The term black swan was a Latin expression — its oldest reference is in the poet Juvenal expression that ‘a good person is as rare as a black swan.’ It was a common expression in 16th century London as a statement that describes impossibility, deriving from the old world presumption that ‘all swans must be white’, because all historical records of swans reported that they had white feathers. Thus, the black swan is an oft cited reference in philosophical discussions of the improbable.

Rare and improbable events do occur much more than we dare to think. Our thinking usually is limited in scope and we make assumptions based on what we see, know, and assume. Reality, however, is much more complicated and unpredictable than we think. Also, assumptions relevant to average situations are less relevant to irregular situations, especially when the ‘rules of the game’ themselves do change.

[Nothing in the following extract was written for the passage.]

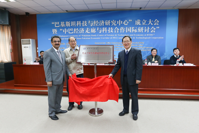 11月30日下午,我校成立“巴基斯坦科技与经济研究中心”并召开“中巴经济走廊与科技合作国际研讨会”。我校党委书记谭向勇、中国科学技术协会国际联络部副部长王庆林和巴基斯坦驻华大使馆参赞松赞·阿巴斯(Shozab Abbas)出席会议并共同为巴基斯坦科技与经济研究中心揭牌。成立大会由国际交流与合作处处长刘影主持。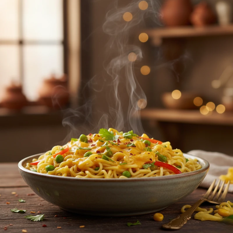 Veg. Cheese Maggi brings together the best of both worlds – the goodness of fresh vegetables and the creamy indulgence of melted cheese. Cooked with Maggi’s signature masala, this dish is enhanced with colorful veggies like carrots, peas, and capsicum, then topped with a generous amount of cheese. The result is a rich, satisfying bowl that’s full of flavor, texture, and comfort. Every bite offers a cheesy melt combined with the crunch of vegetables and spicy masala noodles. It’s a hearty option for those who crave a filling, indulgent, and wholesome snack or quick meal. Served hot and fresh, it’s a guaranteed crowd-pleaser for both kids and adults.

Extreme events do happen and have a great effect. The effects of extreme events are even higher due to the fact that they are unexpected. Examples given by Taleb are the September 11, 2001 attacks, the rise of the Internet and particularly Google, and World War I. The results of these were hardly thought of before but were tremendous.

Before Taleb, those who dealt with the notion of the improbable, such as Hume, Mill, and Popper focused on the problem of induction in logic, specifically, that of drawing general conclusions from specific observations. Taleb’s Black Swan Event has a central and unique attribute, high impact. His claim is that almost all consequential events in history come from the unexpected—yet humans later convince themselves that these events are explainable in hindsight (bias).

Why are humans often caught off guard by or slow to recognize the rare and novel? Partly because built into the very nature of our experience is the propensity to extend existing knowledge and experience to future events and experiences. Taleb argues that the proposition ‘we know,’ in many cases, is an illusion, albeit a necessary one; the human mind tends to think it knows, but it does not always have a solid basis for this delusion of ‘I know.’

This notion that we do not know is very old, dated at least as far back as Socrates. The Socratic method of questioning and avowal of ignorance is the type of corrective action to the delusion that we know something completely and truly.